Ellipsis is a type for ellipsis constant written as ... (three dots)

It's very handy to be used in your own iterable types indexing when you want to skip some entries

Аollowing example usage of ellipsis is useдуыы because it behaves just like fetch of all elements


In [12]:
a = array(range(5))

print(a)
print(a[:])
print(a[...])


[0 1 2 3 4]
[0 1 2 3 4]
[0 1 2 3 4]

Though it's useful for n-dimensional arrays when you want to skip multiple dimensions


In [13]:
array3d = array([[range(3*(i+j), 3*(i+j+1)) for i in range(3)] for j in range(3)])
print('Here is array of shape {0.shape}: {0}'.format(array3d))

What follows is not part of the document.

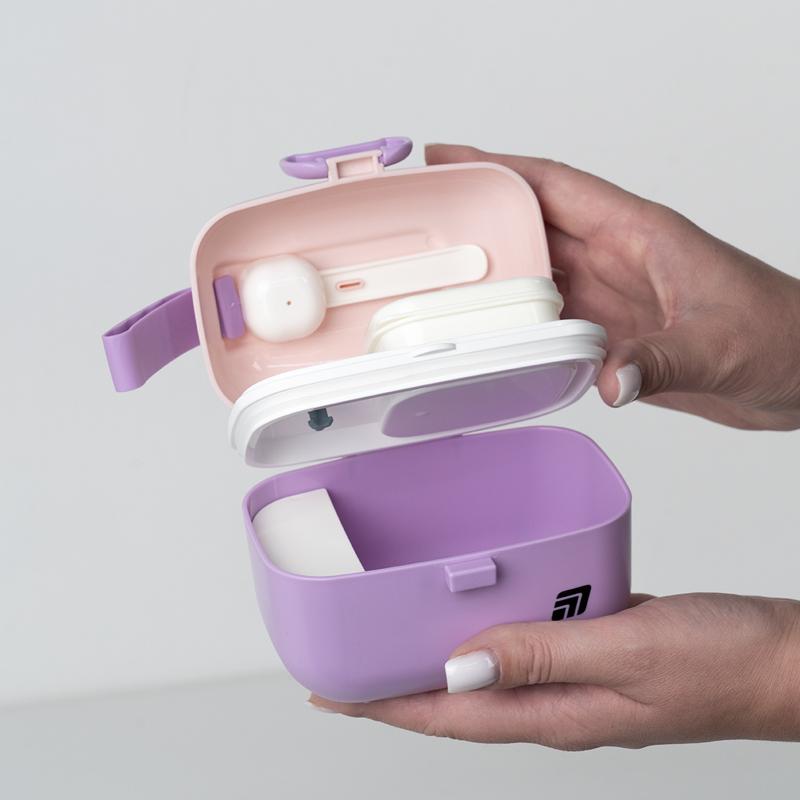 Ланчбокс виготовлений із безпечного харчового пластику, не містить BPA, має приємну на дотик матову поверхню та силіконову ручку-петлю — зручно носити в руці. Незамінний для тих, хто любить корисні перекуси та комфорт у деталях.

Here is array of shape (3, 3, 3): [[[ 0  1  2]
  [ 3  4  5]
  [ 6  7  8]]

 [[ 3  4  5]
  [ 6  7  8]
  [ 9 10 11]]

 [[ 6  7  8]
  [ 9 10 11]
  [12 13 14]]]

Element of this array is a matrix, element of which is an array


In [14]:
print('Item is a matrix of shape {0.shape}: {0}'.format(array3d[0]))
print('Item of the matrix is an array of shape {0.shape}: {0}'.format(array3d[0][0]))
print('Don`t forget about tuples: {0}'.format(array3d[0, 0]))


Item is a matrix of shape (3, 3): [[0 1 2]
 [3 4 5]
 [6 7 8]]
Item of the matrix is an array of shape (3,): [0 1 2]
Don`t forget about tuples: [0 1 2]

If you want to get only last elements of each row in this huge thing you can do following


In [15]:
array3d[:, :, -1]


Out[15]:
array([[ 2,  5,  8],
       [ 5,  8, 11],
       [ 8, 11, 14]])

Also you can avoid these slices and use ellipsis


In [16]:
array3d[..., -1]


Out[16]:
array([[ 2,  5,  8],
       [ 5,  8, 11],
       [ 8, 11, 14]])

Ellipsis can be placed in the middle or in the end

It will mean that you fetch all elements from not specified dimensions


In [17]:
print('First matrix with all elements', array3d[0, ...])
print('First elements of all rows of the second matrix', array3d[1, ..., 0])


First matrix with all elements [[0 1 2]
 [3 4 5]
 [6 7 8]]
First elements of all rows of the second matrix [3 6 9]